Types and forms of duress

In the initial years when the concept of the doctrine of duress was new, the scope of the same was quite narrow and short-termed. But lately, its scope was extended, and it became wide in nature. The types and forms of duress can be divided into various forms as provided below.

Duress of person

Duress of the person may consist in violence to the person, or threats of violence, or in imprisonment, whether actual or threatened. The threat of violence need not be directed at the claimant: a threat of violence against the claimant’s spouse or near relations and a threat against the claimant’s employees have been held to constitute duress. It is suggested that even a threat against a stranger should be enough if the complainant genuinely thought that the submission was the only way to prevent the stranger from being injured or worse. 

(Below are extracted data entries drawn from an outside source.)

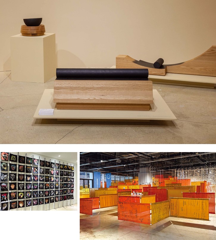 본전시가 공예의 내적 언어를 해부했다면 특별전과 국가관, 국제 공모전은 외부와의 접속으로 지평을 넓혔다. 현대자동차와 협업한〈현대 트랜스로컬 시리즈〉는 그 첫 무대를 청주에서 선보였고, 영국 휘트워스 미술관과 인도 국립공예박물관이 공동 기획한 《엮음과 짜임》은 각 지역의 공예 전통을 리서치와 신작으로 엮어내며 지역적 정체성이 초지역적 네트워크 속에서 다시 짜일 수 있음을 보여준다. 주빈국관 태국전 《유연한 시간 속에서 살아가기》는 상업화와 속도의 압력 속에서도 고유한 공예 문화를 지켜온 태국의 면모를 드러낸다. 윗 핌칸차나퐁의 〈미로(Labyrinth)〉(2025)는 불교 사원에서 실제 의식에 쓰였던 천을 오랜 시간 모아 만든 설치 작업으로, 관람객이 천 사이를 걸으며 명상적 시간을 경험하도록 한다. 국제 공모전에는 역대 최다인 71개국 990명이 참여해 청주가 공예의 글로벌 플랫폼으로 자리매김했음을 확인시켰다. 대상작 이시평의 〈일지(Log)〉(2024)는 목재와 금속, 소리를 결합해 감각을 확장하는 공예의 본질을 압축적으로 보여준다.
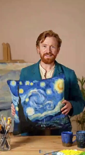 Van Gogh was holding a starry sky pillow and introducing himself in the live stream. No camera changes, no subtitles. Dear family members! Here comes the starry sky throw pillow! The pillow retains every stroke of texture I created back then. Holding it at night is like embracing the entire universe! This is not merely a throw pillow; it's an eternal starry sky that can be brought into the bedroom! Place an order now and get my autograph as a gift
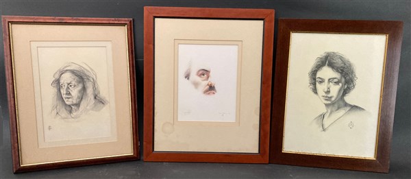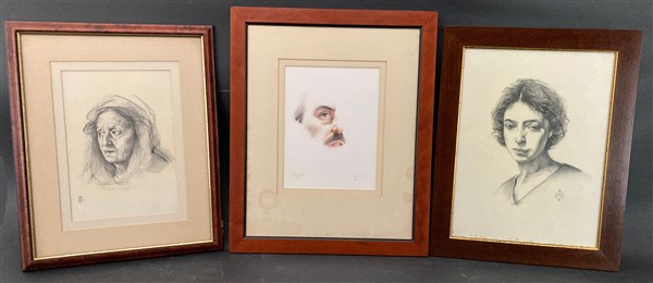 Lotto di tre disegni a matita: un autoritratto e due ritratti femminili,, misure differenti (misura max cm 44x33) siglati e datati in basso a matita
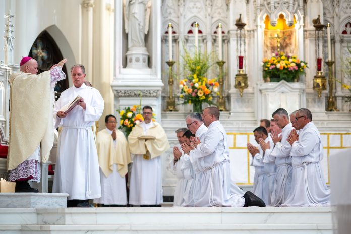 “Recuerden siempre la promesa del Señor a Jeremías, porque esa promesa también se les da hoy”, concluyó el arzobispo. “Al ser ordenados, él los envía y les ordena que prediquen la verdad del evangelio, que inviten a otros a encontrar a Jesucristo, que acompañen a otros con Cristo, guiándolos hacia el único que puede darles esperanza. Hoy, al ser ordenados, escuchen las palabras del Señor que hablan a sus corazones: ‘Que contigo estoy para protegerte… voy a poner mis palabras en tu boca’ (Jeremías 1, 8-9)”.

In the case of duress by person, the victim only needs to prove that the contract was entered into as a result of the pressure or influence supported by the relevant proof. Then in this case the courts simply determine that the pressure exerted was illegitimate or not. Once determined, the courts accordingly act upon the same. The said pressure should be capable enough to affect the decision-making power of the individual too.

Duress Colore Officii

These are the cases where the pressure is generally in the form of unlawful demand of the payments by the public official. A distinction is supposed to be considered in the cases where the person victimised paid the sum of money in order to obtain any kind of a service from a public official and cases where the individual paid the sum of money through tax or impost. 

Duress of goods

Any kind of threat that is related to the destruction of the property or the goods of an individual who is the party to the agreement or the contract amounts to the duress of goods. The threat necessarily should not be of the destruction of the associated property or goods, but it can also be related to seizure or the detainment of the respective goods. 

When an individual submits to the defendant’s pressure which is illegitimate in nature and pays the sum of money and readily enters into an agreement in order to recover the goods which have been wrongfully seized or detained by the defendant party or done in order to avoid immediate seizure or any kind of damage to his goods, it is recognized in the eyes of the courts. In such cases, the complainant normally has no alternative which seems to be practical but to submit to the defendant’s threat and pressure.

Economic duress

Other kinds of threats which are different from the certain kinds of threats or the pressure which are related to the property or goods or life but, have influenced the decision-making power of the individual then in such cases also the doctrine of duress are applicable in the form of the economic duress. Such a threat also is an offence in the eyes of law. In the case of economic duress, the main question to consider is whether the individual had any practical or appropriate alternative available. If any such kind of alternative was available, then in that case the economic duress has no role to play. 

Conclusion

The doctrine of duress is one of the finest doctrines under English Law. Under Indian Law, it is generally referred to as coercion. The nature of both concepts are the same. This doctrine majorly looks at the intent due to which the contract was entered into which further clarifies and strengthens the stems of the agreements and contracts. 

This concept was when initially introduced and adapted it had a very narrow scope and had less applicability but, later on, its practical aspect increased hence, widening the scope of the doctrine. This doctrine is of high relevance and plays a major role in determining the scope and legal credibility of the contract or the agreement which has been entered into by the parties.